- Klare Eingaben erleichtern die Einordnung
- Zugänge und Engstellen werden früh geklärt
- Feuchtebereiche lassen sich besser abgrenzen
- Materialführung bleibt übersichtlich planbar
- Schutzmaßnahmen werden passend vorbereitet
- Dokumentation schafft nachvollziehbare Schritte
Leckortung & Wasserschaden-Ortung in Lauben
Der Untergrund rund um Lauben besteht überwiegend aus Jungmoräne; die nächste Grundwasser-Messstelle liegt rund 11.3 km entfernt – das beeinflusst, wie sich Leckwasser ausbreitet und wo die Leckortung ansetzt.
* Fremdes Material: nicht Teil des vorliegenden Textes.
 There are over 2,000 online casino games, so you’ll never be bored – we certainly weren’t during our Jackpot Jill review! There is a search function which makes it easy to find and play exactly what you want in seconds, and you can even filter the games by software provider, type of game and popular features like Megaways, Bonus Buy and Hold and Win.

Zugänge, verdeckte Leitungswege und betroffene Bereiche sollten zuerst sauber eingeordnet werden, besonders bei engen Kellerzonen, Deckenbereichen oder kleinen Messöffnungen. So lässt sich das Schadensbild systematisch eingrenzen und der nächste Schritt für Freilegung, Reparatur und Trocknung geordnet vorbereiten.
Erst orten, dann öffnen
Frühe Wasserleitungsinfrastruktur mit Brückenbauwerk über die Iller seit 1477 zeigt historische Wasserbauten. Lauben gehört zum Landkreis Oberallgäu in Schwaben.
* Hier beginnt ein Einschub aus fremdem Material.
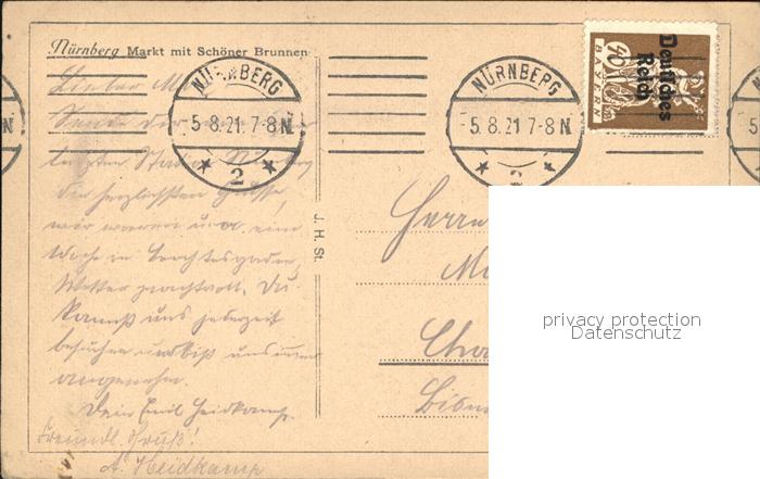 72507239 alte Postkarte NueRNBERG CITY Markt mit Schoener Brunnen postalisch gelaufen Erhaltung siehe scans KatCode: 11110009564000

Für eine erste Planung hilft ein neutraler Überblick zu betroffenen Bereichen, sichtbaren Feuchtespuren, Zugangszonen und der Ablaufkoordination. Relevant sind die Lage der betroffenen Leitungsbereiche, die Erreichbarkeit möglicher Messpunkte sowie Hinweise zur Wasserabstellung und zu Schutzmaßnahmen im Arbeitsbereich. Auch Materialführung, kritische Durchgänge und nutzbare Ablagebereiche sollten vorab kurz beschrieben werden. So bleibt der Aufwand nachvollziehbar und die Klärung kann mit passenden Eingaben vorbereitet werden.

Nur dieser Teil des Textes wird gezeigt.